The truth of the whole matter is that we're not birds, but distinct creatures
who live technological lives because of our _lazy ancestors_ who looked for
better ways rather than just competing to do the straightforward thing first.
If you can find some way to stuff that into a tight phrase, please do!

------
rconti
I am just finishing reading the fantastic book Why We Sleep [1], and as in so
many well-meaning studies and articles, I can't help but feel like this effort
is misguided. Just like an addict cannot accept help until they want it, I
don't see how "adjusting" work schedules for those who don't even understand
their own biology can possibly be helpful.

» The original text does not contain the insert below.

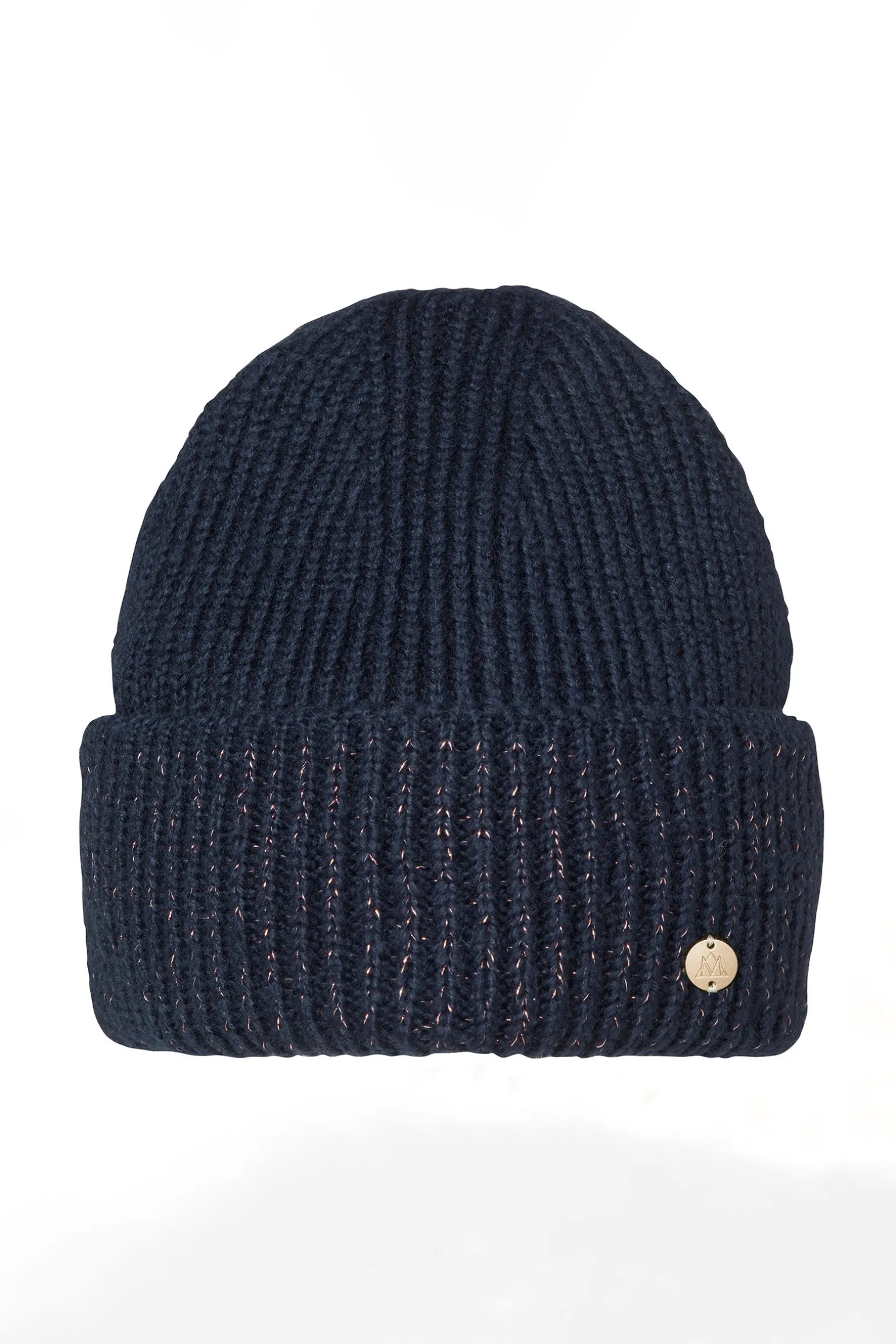 Gemütliche, doppelt gefaltete Strickmütze mit glitzerndem Lurexfaden und schickem MH-Logoabzeichen.

I've ALWAYS considered myself a night owl. I'm still not sure I'm not. But
I've spent the past year rising earlier than I'm used to, and the past 7
months rising even earlier than that due to an enforced carpool with my wife.
For the first time in my working life, I HAVE to be awake at a certain time
(incidentally, far earlier than I'm used to). Instead of snoozing for an hour,
I bolt from bed far earlier than I want to. I go to sleep marginally earlier.
But my routine is regular I'm happier. I feel better. I feel healthier. I
started reading the book and am acutely interested in tuning my sleep times to
make this work even better.

Maybe I've never been a night owl. Maybe I've just had horrible sleep habits.
Or maybe I AM a night owl, and I'd be even _better off_ than I can possibly
imagine, if I take all of these habits and processes and move them later in
the day.

But I just feel like you can't possibly know if you're a morning bird or a
night owl until you're already, consistently, religiously, getting enough
sleep every night, on a consistent sleep/wake schedule.

[1] [https://www.amazon.com/Why-We-Sleep-Unlocking-
Dreams/dp/1501...](https://www.amazon.com/Why-We-Sleep-Unlocking-
Dreams/dp/1501144316)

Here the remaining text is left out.